The Recovery Innovations’ Community Building Program utilizes a Housing First approach. Housing First programs aim to end homelessness by providing people with housing as quickly as possible and then providing additional services as needed. This gives individuals immediate access to housing despite substance use and/or mental health challenges. This approaches echoes SAMHSA’s Permanent Supportive Housing Evidence Based Practices.

Recently, a team from the the Western Interstate Commission for Higher Education (WICHE) visited Recovery Innovations. WICHE was commissioned by the state and Mercy Maricopa Integrated Care to conduct quality service reviews utilizing the SAMHSA fidelity standards, and Recovery Innovations’ Supportive Housing program was the focus (as part of the Arnold v. Sarn settlement conditions). All results are posted to the ADHS website, including the Recovery Innovations report.

Chris shared his experience leading the program with the WICHE reviewers: “In the near decade of working as a behavioral health service provider and almost 20 years of living with co-occurring challenges, I believe I have a unique perspective of the system. Providing Housing first and Supported Housing is not only the right thing to do for people, it works, and it saves the system a tremendous amount of money.”

Lawsuits are not about cost savings or public safety. They are invariably about social justice and human rights. At the core of SAMHSA’s models is the idea of zero exclusion for these services, individualized and integrated support services, as well as mental health and substance use services within the service mix, along with the idea that recovery is possible. Arnold v. Sarn has brought this foundation to housing for individuals with serious mental illness.

Housing may be the key in starting a person on his/her path to wellness. In addition, peers have the ability to make a tremendous impact in the lives of people they work with by demonstrating and providing a role model of what recovery and wellness look like.

Arnold v. Sarn will continue to positively shape a comprehensive Arizona community mental health system of care for decades to come. Expanding housing opportunities and the peer workforce in the SAMHSA arenas of Supportive Housing, ACT, Supported Employment, and Peer and Family Services is not just a good idea, but an important part of promoting individuals in their unique recoveries.

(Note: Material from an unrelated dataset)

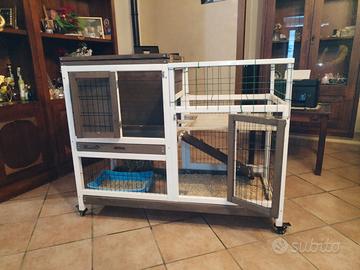 Gabbia in legno, su tre livelli per coniglietti con ruote e ripiani sfilabili per la pulizia. Misure 100 x 50 alta 100.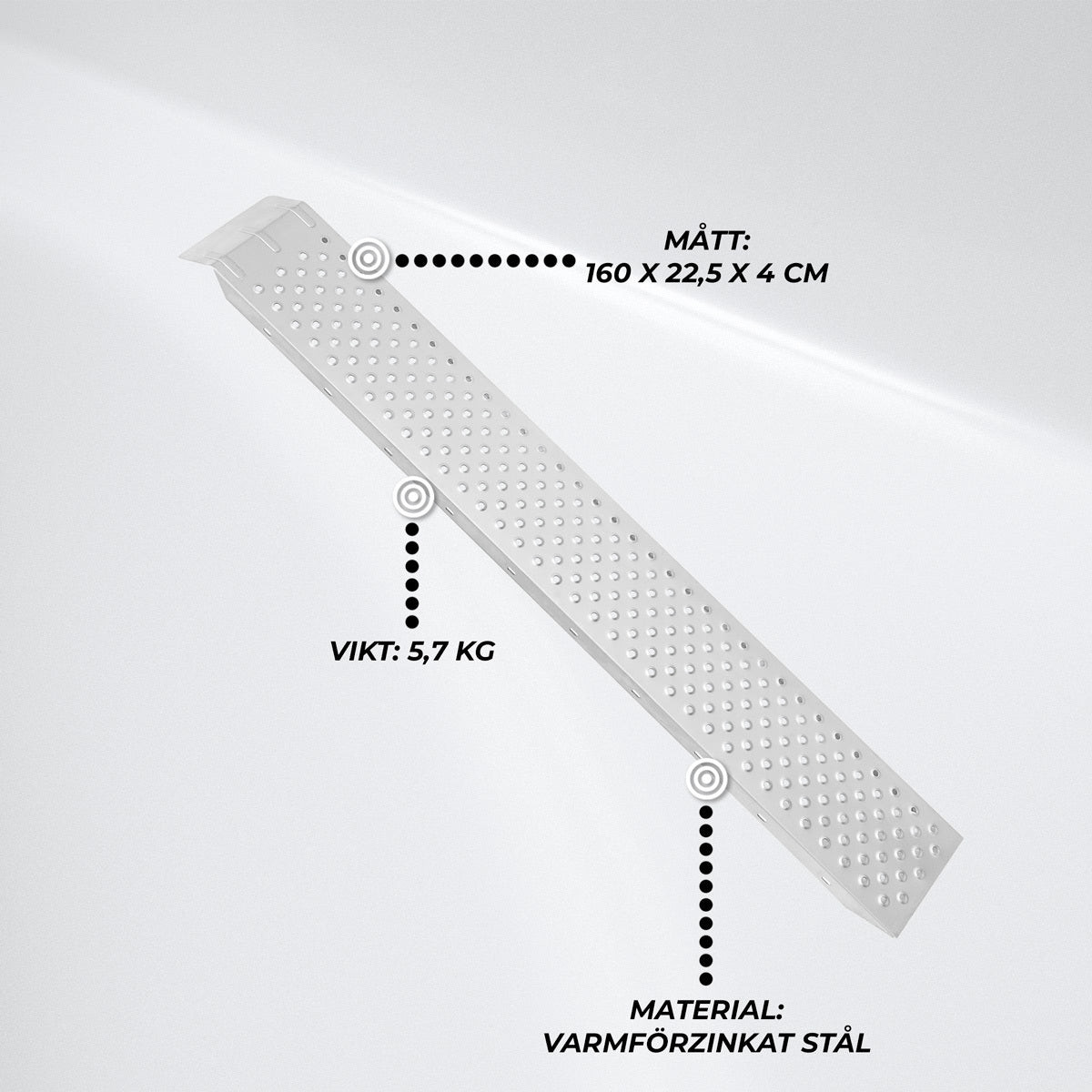 • Stark konstruktion i galvaniserat stål: Tack vare högkvalitativt material och solitt utförande garanterar denna uppkörningsramp en lång livslängd och hållbarhet under många år av användning.

Notes: Dimension 6 of the SAMHSA fidelity model looks at the Indicator of the “extent to which tenants are required to demonstrate housing readiness to gain access to units.” The highest score of a ‘4’ in this area may be obtained for those programs which do not have any requirements for a person to first demonstrate housing readiness in order to obtain housing; meaning that there is not a need for an initial screening or review to determine a person’s readiness.

RI News Flash

On March 29th, Sue Ann Atkerson joins Recovery Innovations as Chief Operations Officer, bringing 19 years executive management experience from leading Arizona behavioral health agencies Southwest Behavioral & Health and TERROS. She is pictured above alongside Chris Bartz and Arizona Regional Director Marleigh O’Meara. 

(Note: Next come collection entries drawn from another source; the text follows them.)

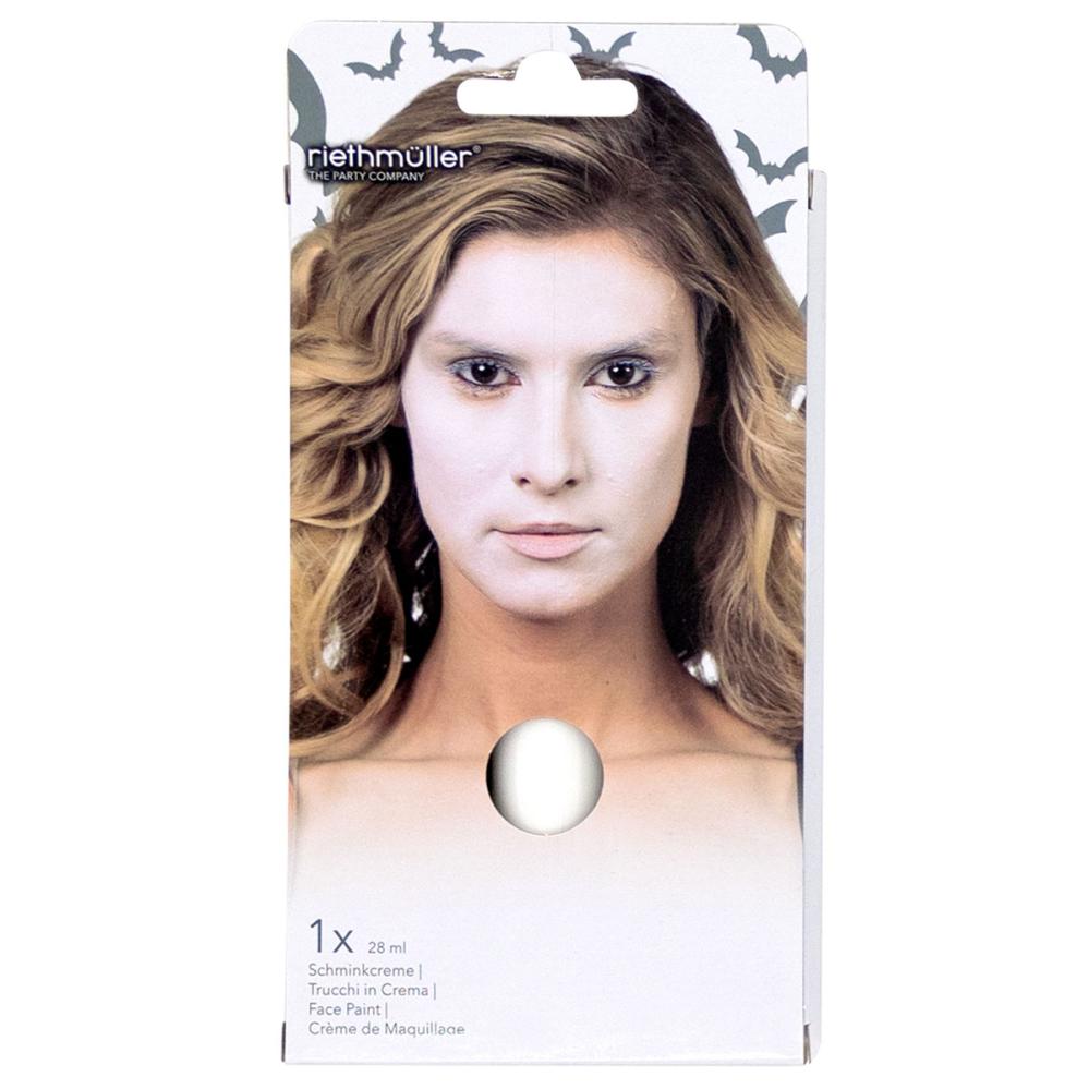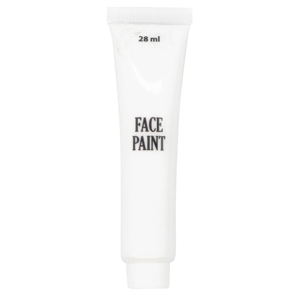 Hvit Ansiktsmaling 28 ml er en hvit ansiktsmaling på tube. Ansiktsmalingen er lett å påføre og lett å fjerne med såpe og vann.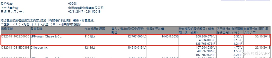 智通财经APP获悉,根据联交所资料显示,摩根大通于10月30日增持金蝶国际(00268)1276万股,每股作价5.6元,总值约7146万元,最新持股量增至6.32%。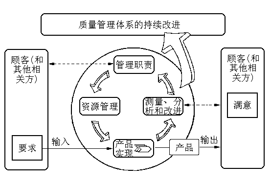 实施过程(如下图:)为蓝本,在与ISO9000贯标有关的功能方面包括了质量文件管理,工作及质量记录管理,图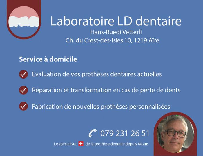 Entretien et réparation de votre «Troisième sourire» Service à domicile 10 Chemin du Château Bloch CH - 1219 Le Lignon 022 797 26 30 | 079 412 68 24 Bus N° 9 Arrêt BARDE Laboratoire Partenaire Solution Anti-Ronflement Scotolati Richard 14, route du Nant-d’Avril - 1214 VERNIER CAR WASH CENTER 24 h/ 24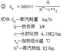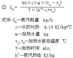 YTW浸沒式汽水加熱器有額定的蒸汽耗量指標,設計時根據實際所需要的蒸汽耗量,選用一臺或多臺加熱器。實際所需蒸汽耗量可參照以下公式(①用于間斷加熱,②用于連續加熱)確定: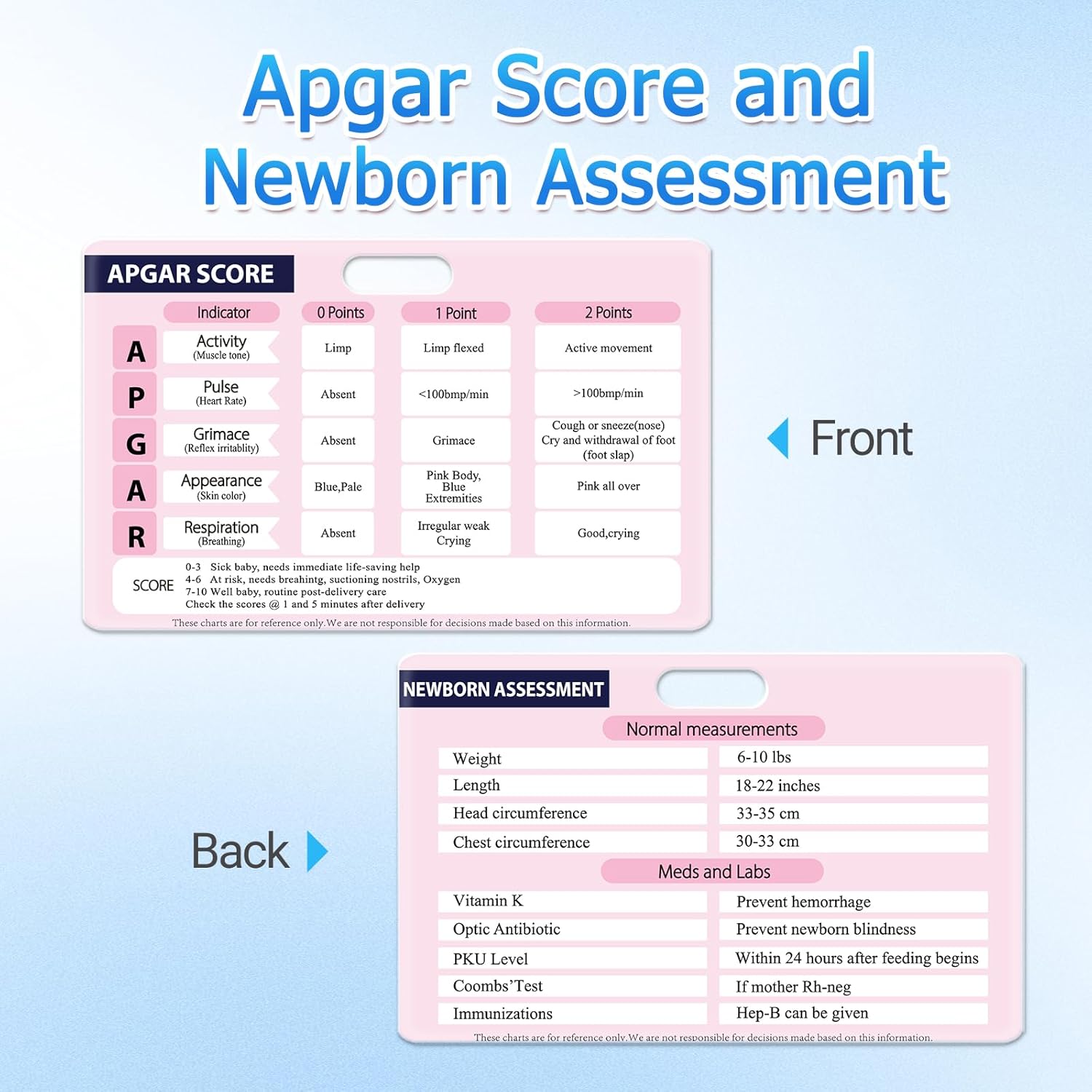 APGAR Score Reference Card for Newborn Assessment: This APGAR flash card provides a detailed and reliable guide for evaluating the condition of newborns after birth. It will be an excellent addition to nurse’s badge.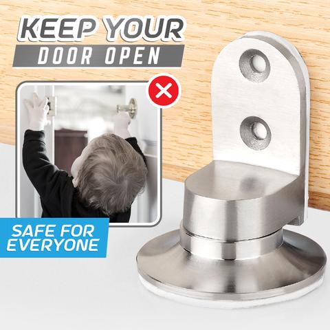 The magnet is strong enough to comfortably hold your door open. With the magnetic base plate, stop the door at the place you want, keep the door open.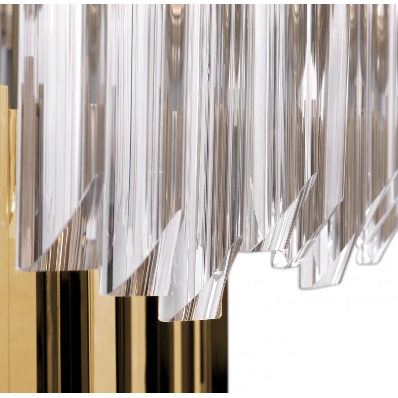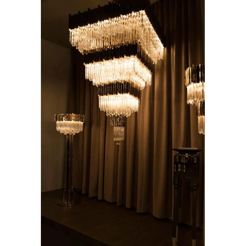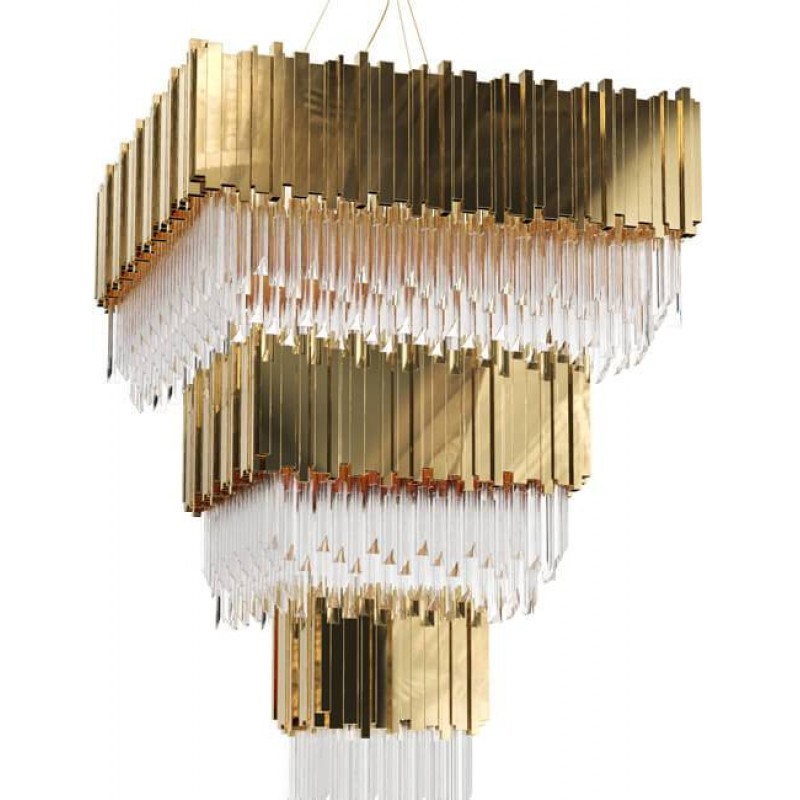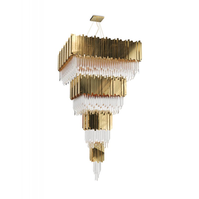 An extravagant and modern chandelier with a twist, granted by the vintage-looking crystals. Inspired by the stunning architecture of the Empire State Building all the details contribute to a piece fill with personality and a vigorous splendor. Made of gold-plated brass, the Empire Chandelier Square becomes a unique object of desire.

Velvet Elvis Update: Chris Bartz is the third individual at Recovery Innovations to join the ranks of Velvet Elvis recipient. The king transitions back to Arizona from Washington State and prior holder Liz Timko for her work in the Lakewood Recovery Pathway Evaluation and Treatment program. Congratulations, Chris!

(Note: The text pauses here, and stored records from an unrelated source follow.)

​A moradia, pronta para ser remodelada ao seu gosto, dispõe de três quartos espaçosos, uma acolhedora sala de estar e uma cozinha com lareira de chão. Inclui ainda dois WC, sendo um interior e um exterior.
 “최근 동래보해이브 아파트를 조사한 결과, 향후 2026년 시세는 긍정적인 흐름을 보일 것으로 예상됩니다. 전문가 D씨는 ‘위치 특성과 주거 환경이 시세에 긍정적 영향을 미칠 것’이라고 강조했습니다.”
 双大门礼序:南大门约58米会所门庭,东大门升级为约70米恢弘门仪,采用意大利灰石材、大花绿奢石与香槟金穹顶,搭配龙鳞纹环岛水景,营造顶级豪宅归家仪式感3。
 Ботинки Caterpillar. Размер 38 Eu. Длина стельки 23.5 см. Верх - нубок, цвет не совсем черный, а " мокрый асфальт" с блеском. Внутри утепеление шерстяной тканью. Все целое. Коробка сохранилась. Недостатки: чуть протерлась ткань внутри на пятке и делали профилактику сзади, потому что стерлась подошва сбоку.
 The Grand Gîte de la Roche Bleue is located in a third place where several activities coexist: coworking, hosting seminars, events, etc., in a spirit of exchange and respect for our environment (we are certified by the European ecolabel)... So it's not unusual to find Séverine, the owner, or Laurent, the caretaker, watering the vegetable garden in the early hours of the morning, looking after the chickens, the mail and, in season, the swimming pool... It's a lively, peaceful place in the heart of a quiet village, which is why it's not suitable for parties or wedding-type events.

One thought on “Moving Forward by Looking Backward in Arizona

  • Thank you David for sharing your inspiring blogs. I really enjoyed reading how Arizona has transformed the behavioral health system of care and went from 52nd to 7th in per capita funding for mental health services. I truly feel grateful to work for Recovery Innovations.Thank you Chris Bartz for all that you do and congratulations for receiving the Velvet Elvis Award, You Rock!!!